IN ONE of the city’s longest running planning sagas, developer Mark Piggott has got permission from the council to knock Clontarf’s Redcourt House – “fire gutted and derelict says Piggott – for a scheme of 59 apartments.
The Victorian property hit the headlines last year when the burned remains of a man were found after a fire in the house. In January Piggott got permission to convert the house into four apartments and build a five-storey 33-unit apartment block and nine townhouses on the site. In the wake of the fire Piggott submitted an alternative application seeking permission to knock the house and build a new house containing five apartments as well as a five-storey 54-unit apartment building.
The house on 1.65 acres has been at the centre of a planning dispute in recent years. While Piggott bought the house in 2004 for €7.5m, there are planning files for the house dating to 1980.
Piggott’s original plan to knock the house for 54 apartments was rejected by the council and An Bord Pleanála. Although the developer succeeded in stopping the house being listed, the board said it was an intrinsic element of the site.

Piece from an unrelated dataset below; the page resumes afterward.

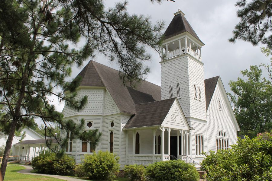 Across Carolina Avenue from Sumter Avenue between Gadsden Street and Waring Street is the Saint Paul's Episcopal Church. This structure is one of the oldest in Summerville. Constructed in 1857, St Paul's church has remained resilient through storms, the war between the states, and the earthquake of 1886. Many of the congregants of St. Paul's original congregation were from the St George's Parish at Dorchester on the Ashley River; it was destroyed by British troops in 1782. Later on this tour we'll be passing by another of Summerville's historic churches. The original Summerville Presbyterian Church was constructed in 1831. It's congregation's origins stem directly from the church at the old settlement of Dorchester on the Ashley River. Their original building was too badly damaged after the 1886 earthquake, and consequently construction of a new church building began in 1894. Their current place of worship was dedicated in 1895.

Meanwhile, another planning saga was simmering away this week. Developers Clondean Ltd – made up of Mark Sloan, Francis Rhatigan and Christopher Jones – were thwarted in their plans to add two more storeys to their proposed apartment scheme at the former OPW site at Lad Lane, D2. An Bord Pleanála ruled that the additional two storeys would be contrary to proper planning. Expect appeals and renewed applications!